Power Analysis Calculator

I’m often asked, as a part of my job, to figure out how many entities/people are needed to see a significant effect on some process or metric. These seemingly simple requests can have a profound effect on where business leaders decide to go with a project, if at all. Thus, the reasoning behind this calculator is to provide people with a no-code interface to some common statistical tests.

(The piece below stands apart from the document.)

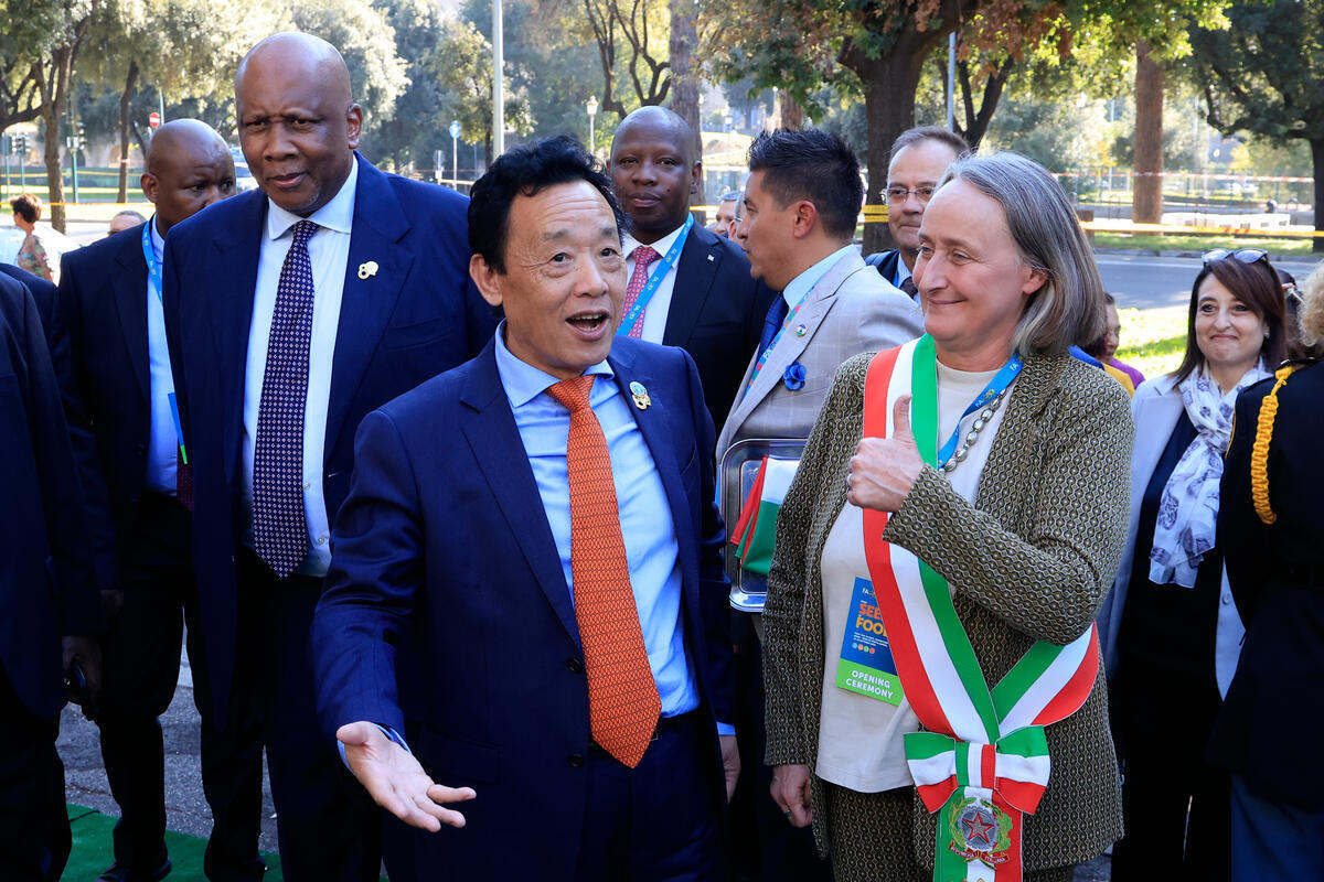 10 October 2025, Rome, Italy. From left to right: His Majesty Letsie III, King of Lesotho, FAO Director-General QU Dongyu and Rome’s Councilor to the Agriculture Development and Waste Cycle Sabrina Alfonsi. High-level opening of the FAO Global Exhibition: From Seeds to Foods. (Porta Capena Park). World Food Forum (WFF) 2025. The fifth edition of the World Food Forum (WFF), the largest annual gathering of agrifood systems stakeholders globally, runs at FAO headquarters in Rome from 10 to 17 October 2025.

A couple of months ago (2022), I was asked to give a few presentations to my team and a couple of outside business folks on how to properly conduct a power analysis. I wasn’t the strongest at performing such tests, as I had no formal training on how to do one and was taught more theoretical aspects, but I went ahead and researched on my own. Along the way, I began to realize that - unless you know what you’re doing - it was very easy to be given some sample numbers and given an output. Unfortunately, the validity of the inputs was not always bulletproof. Sometimes, the requester wasn’t quite sure of the numbers he/she was presenting, so it would lead to some discussions around his/her purposes.

Advice

Power analyses are easy to conduct, but can be difficult to prove.

The most difficult part of the project was figuring out the UI, as I was inspired by G*Power’s user interface, but I didn’t necessarily want a straight copy. So, I settled for a seemingly simple approach.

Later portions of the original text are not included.